The island " supermarket" with empty shelves (photo LP)

But what Teresa particularly wanted for her family were vegetable and fruit seeds.  The islanders are largely restricted in their choice and eat mainly taro, every islander has their own small patch of soil in which to grow it, and coconut.  They exist on fish and on special holy days, chicken, and on very special occasions, a pig will be roasted.

Teresa showing us her taro patch (photo LP)

In June 2011 I sent about 30 packets of mixed seeds, having no idea how long before they would be received.  Cargo boats laden with goods for all the remote islands, and the mail, only pass by every three to four months and often even less regularly.

The island is tropical and lush, but still at times suffers from drought (photo LP)

As you can see from Teresa's letter the seeds finally arrived 14 months later, on the 7 September 2012.  Her letter to me was posted from Rarotonga on 24 December 2012 and arrived within 14 days.

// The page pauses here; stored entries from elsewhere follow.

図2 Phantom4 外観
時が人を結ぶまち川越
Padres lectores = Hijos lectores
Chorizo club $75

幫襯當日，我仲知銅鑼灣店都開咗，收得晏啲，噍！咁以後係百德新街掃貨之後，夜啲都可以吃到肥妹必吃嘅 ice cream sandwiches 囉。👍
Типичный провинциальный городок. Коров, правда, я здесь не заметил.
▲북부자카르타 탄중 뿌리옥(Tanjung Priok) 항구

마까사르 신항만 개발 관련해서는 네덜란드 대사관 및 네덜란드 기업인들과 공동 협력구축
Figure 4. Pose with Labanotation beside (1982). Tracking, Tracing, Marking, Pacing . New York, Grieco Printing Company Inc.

I imagine that she would have given it to someone travelling to the Cook Island capital to post for her.

Teresa and her grandparents (photo LP)

Her letter struck me quite emotionally.  This young lady, so polite and well mannered as so send me a thank you letter 18 months after my visit;  an art which is dying here on the big island of Australia, and elsewhere around the developed world where we are able to rely on text and email.  And to think that after all those months the seeds had arrived.  I am sure Teresa and her family would have waited to plant them until after the drought had broken.

Beautiful Pukapuka (photo LP)

Her letter reminded me of the importance of consideration and gratitude for others.  Teresa and her family had made me and my friend welcome in their home, they had shared their sparse provisions and been generous with their time.  

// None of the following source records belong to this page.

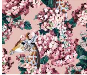
The hortense dream Rose , Amb. p. 24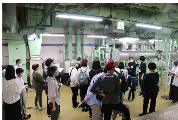
バックヤードツアー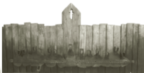
Тайная вечеря (2013 год), дерево, металл.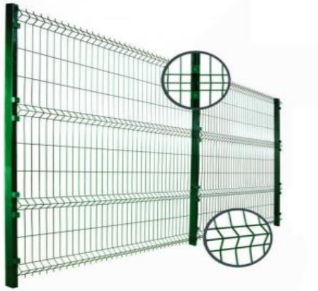
Figura 2 - Modelo do Gradil

(62) 3238-2000 | www.oabgo.org.br | oabnet@oabgo.org.br

The generous dinner Teresa prepared for our first night (photo LP)

Teresa had walked us all around the island, showing pride in her own taro field and the beautiful island church which everyone frequents each Sunday.

The islanders waving us farewell...knowing we would not return (photo LP)

It was a privilege to meet people who need so little but give so much...I hope that the seeds germinate and provide her family and their friends with sustenance and joy for many years to come.